Is there anything I didn’t ask you that you would like to share?
…There is a quote that I came across recently. It’s from the 2003 Terra Nova Northwest Quadrant Biophysical Inventory Assessment which is a huge name, but it sums it up.

It says, “The Terra Nova Northwest Quadrant in Richmond plays a significant role in the ecology of the Greater Vancouver Region, as well as the Fraser River estuary ecosystem. The Terra Nova area is particularly important because it provides habitat diversity and serves as a backshore habitat to Sturgeon Bank. The combination of open fields, ditches, treed areas, landscaped gardens and hedgerows is rare in the City of Richmond and it provides a protective habitat for a variety of wildlife.”

What do you see in Terra Nova’s future?
I don’t know.
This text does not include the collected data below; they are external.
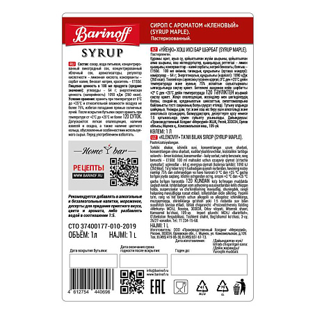 Сироп Кленовый 1л ст/б Barinoff Syrup™ Россия (КОД 60278) (+18°С)
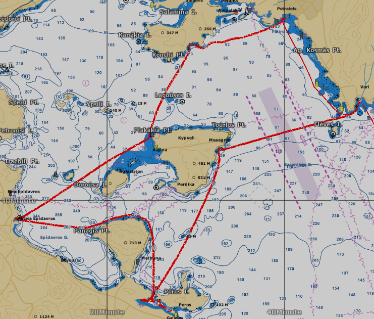 Nous nous préparons au départ vers Salamine, où nous passerons la nuit au mouillage dans la baie de Dimitrani.
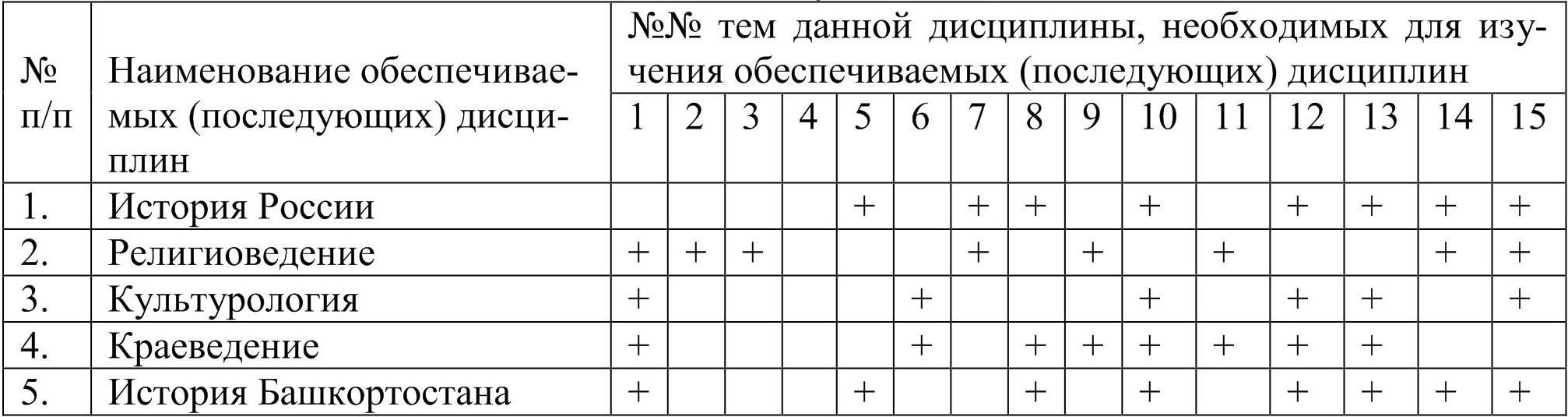 Дисциплина "История культуры Башкортостана" относится к "Гуманитарному, социальному и экономическому циклу". Для изучения данного курса у студента должны быть входные знания, умения и компетенции по дисциплинам: "История России", "Культурология", "Религиоведение", "Краеведение", "История Башкортостана".
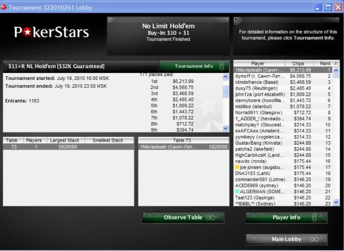 Poker Stars $10+$1 No Limit Hold'em Tournament - t3500/t7000 Blinds + t700 - 6 players - View hand 811908
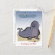 Den mäktiga tecknadens elefantsäl på stranden tittar sorgligt på den månbelysta natten himlar. Är det ensamt? Orden på detta vykort kan ändras efter dina behov.
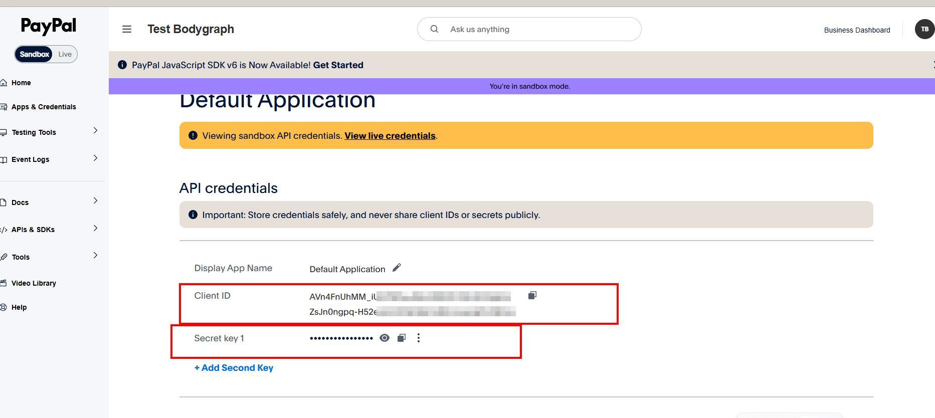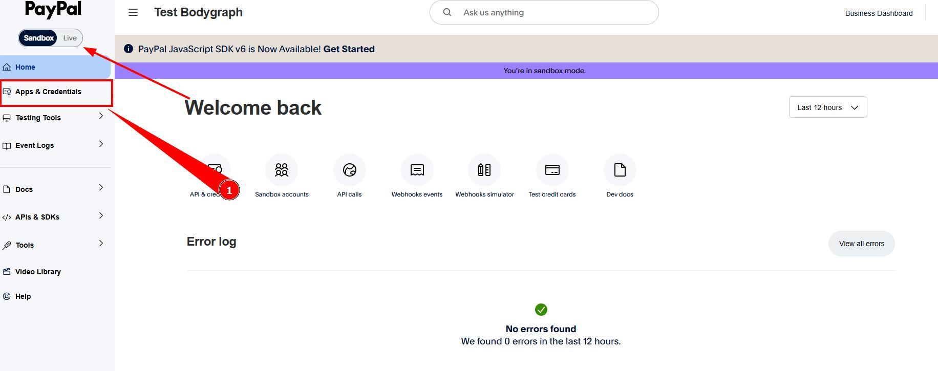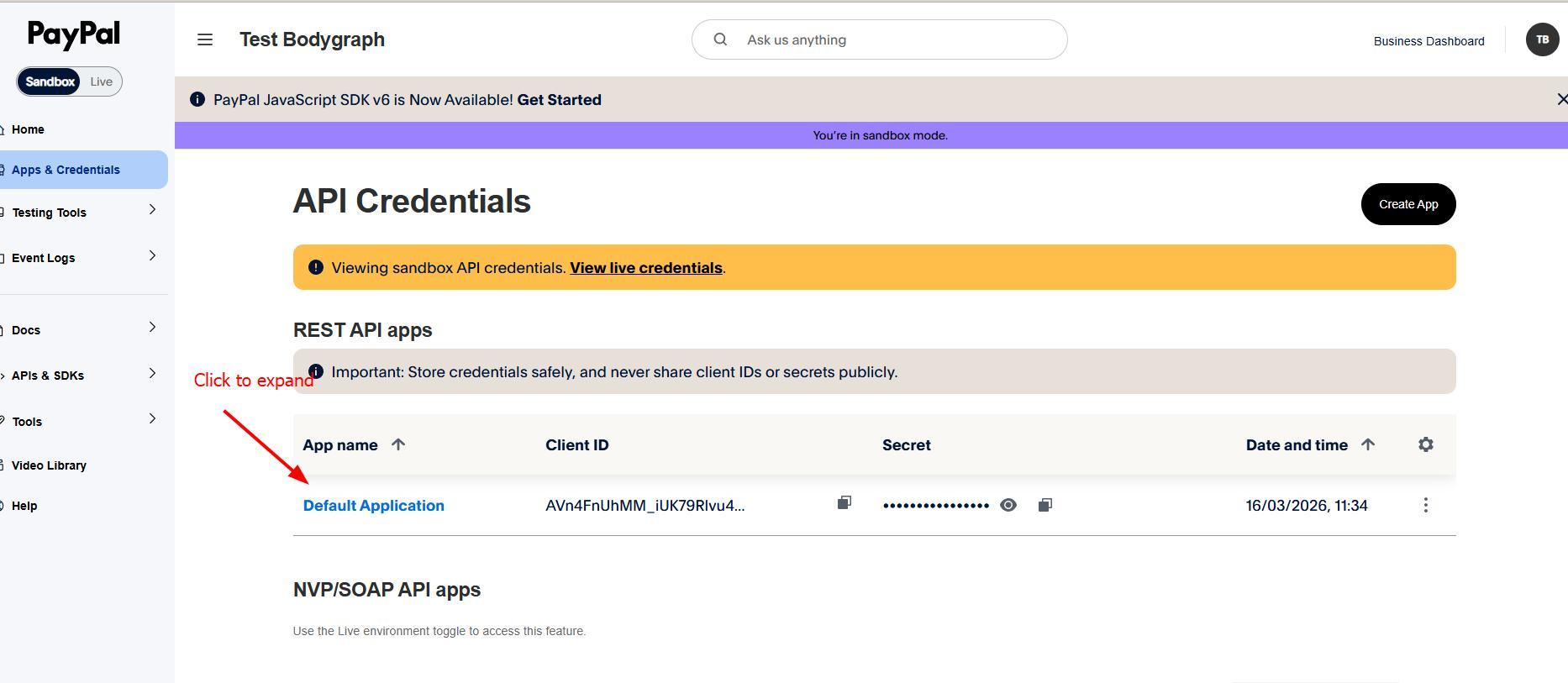 This is where you can switch between Sandbox (test) and Live modes. If you have other active sales and Paypal is in use, then we do not recommend swithcing test mode on. Click on Apps &Credentials.
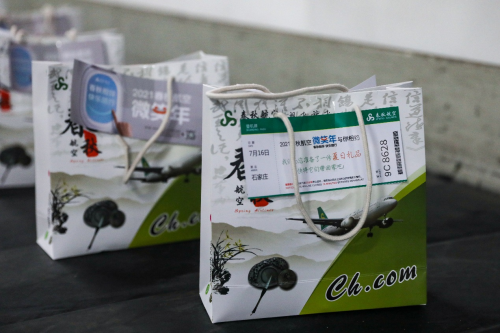 7月16日下午,搭乘春秋航空9C8628桂林飛往石家莊航班的旅客像往常一樣下飛機(jī),來到托運(yùn)行李轉(zhuǎn)盤處等待自己的行李到達(dá)。與往常不同的是,旅客們欣喜的發(fā)現(xiàn)行李轉(zhuǎn)盤上除了自己的托運(yùn)行李,還出現(xiàn)了一件件“神秘行李”,每件“神秘行李”的袋子上還附有一張小卡片——“親愛的9C8628航班旅客們,我們?yōu)槟鷾?zhǔn)備了一份夏日禮品,快將它們帶回家!”
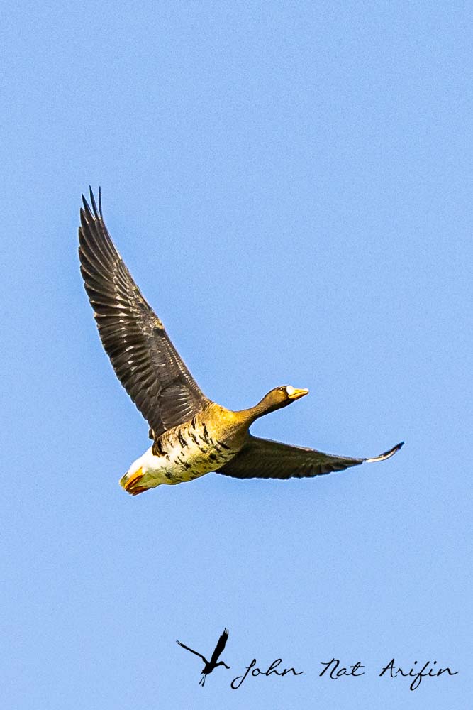 From 10:30 a.m. to 12:30 p.m., we stood at the water’s edge, lenses trained on wings and ripples. The air was filled with a wild chorus—geese calling across the water, the whistle of Northern Pintails, and the distant silhouette of Black-eared Kite gliding above the horizon. Every click of the camera felt like a heartbeat captured.
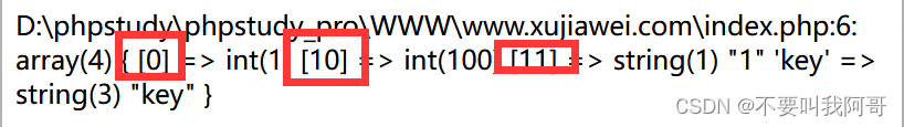 <?php$arr3[]=1;$arr3[10]=100;$arr3[]="1";$arr3["key"]="key";var_dump($arr3);?>
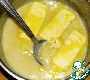 Пока выпекается кекс приготовим соус. Вскипятим сливки с сахаром и проварим 7-8 минут. Не забываем помешивать, чтобы не пригорели сливки. Отставляем и немного остужаем. Добавляем сливочное масло и перемешиваем до полного растворения и гладкости.
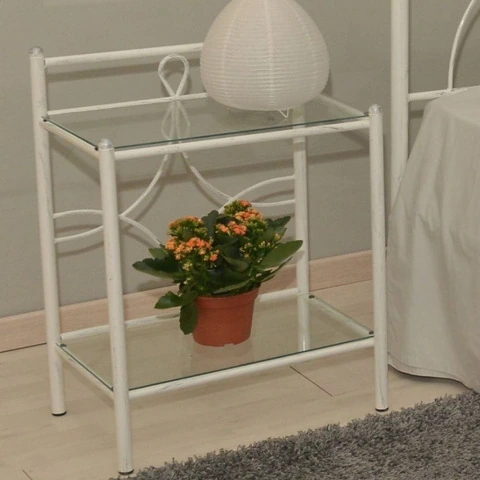 Comodino Silene in ferro battuto bianco satinato
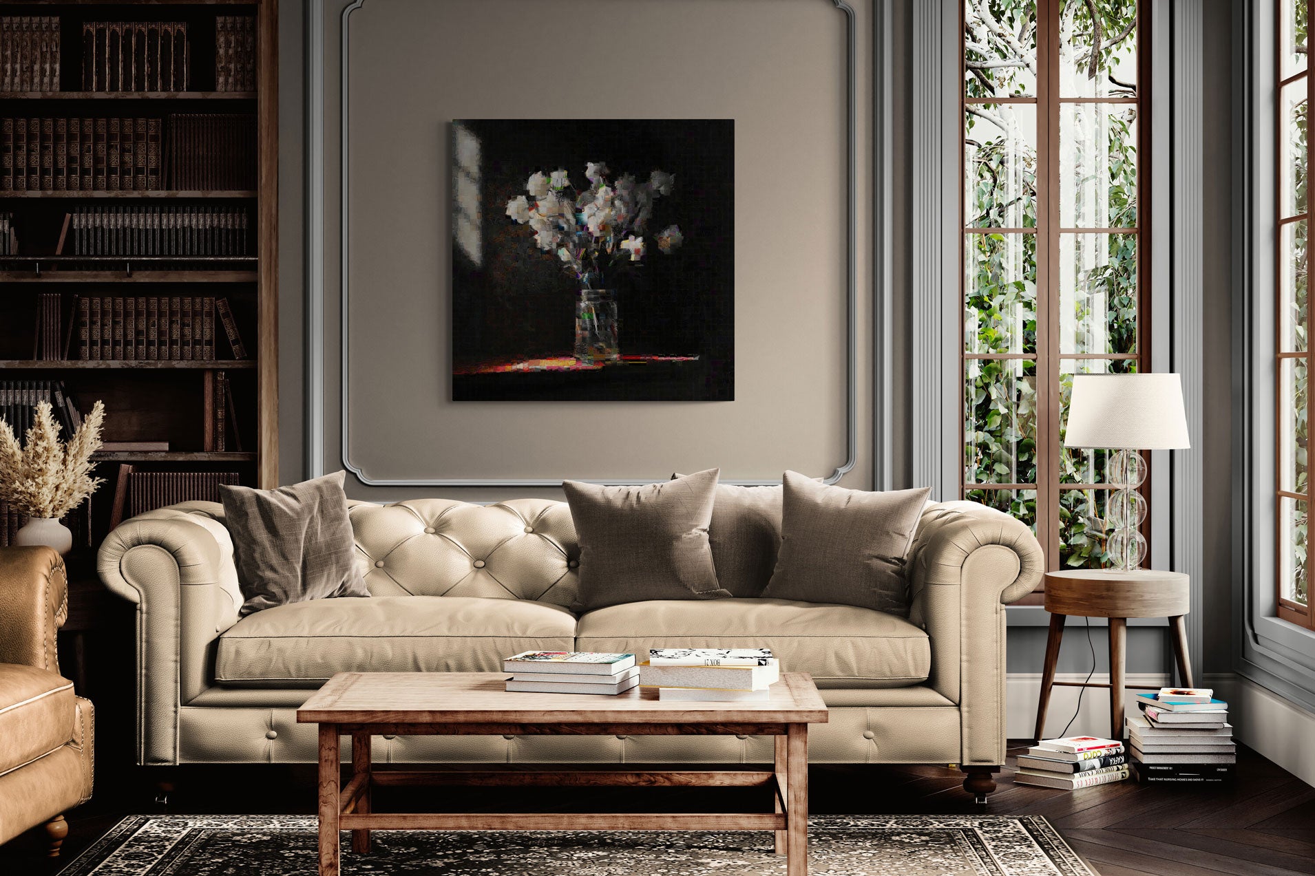Each piece reimagines original works, blending diverse styles and concepts. The tiles in each piece are sourced from selected works.
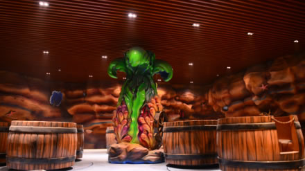 該館的“溶洞真景”位于“山之王國”地下,洞內(nèi)有石筍、石塔、石花等鐘乳石。此外,“水晶幻境”在燈光的配合之下,形成了溶洞內(nèi)的獨特景觀。

In 1996, I think it was, we gave the city a document called “Investing in Our Future: A City Park in Terra Nova.” We had taken ideas from all over Canada and other places about what you could do there. I was told at one point that they had used some of that when they were planning what the city was going to do with it. after we saved the land.

After the vote and after we knew it was saved there were city consultation meetings with the public: “Okay, why did we save it and what do we want to see there?” The three things were: we saved it for agriculture, for heritage, and for habitat. So, my hope is that all the future goals, all the future projects, stay true to those goals.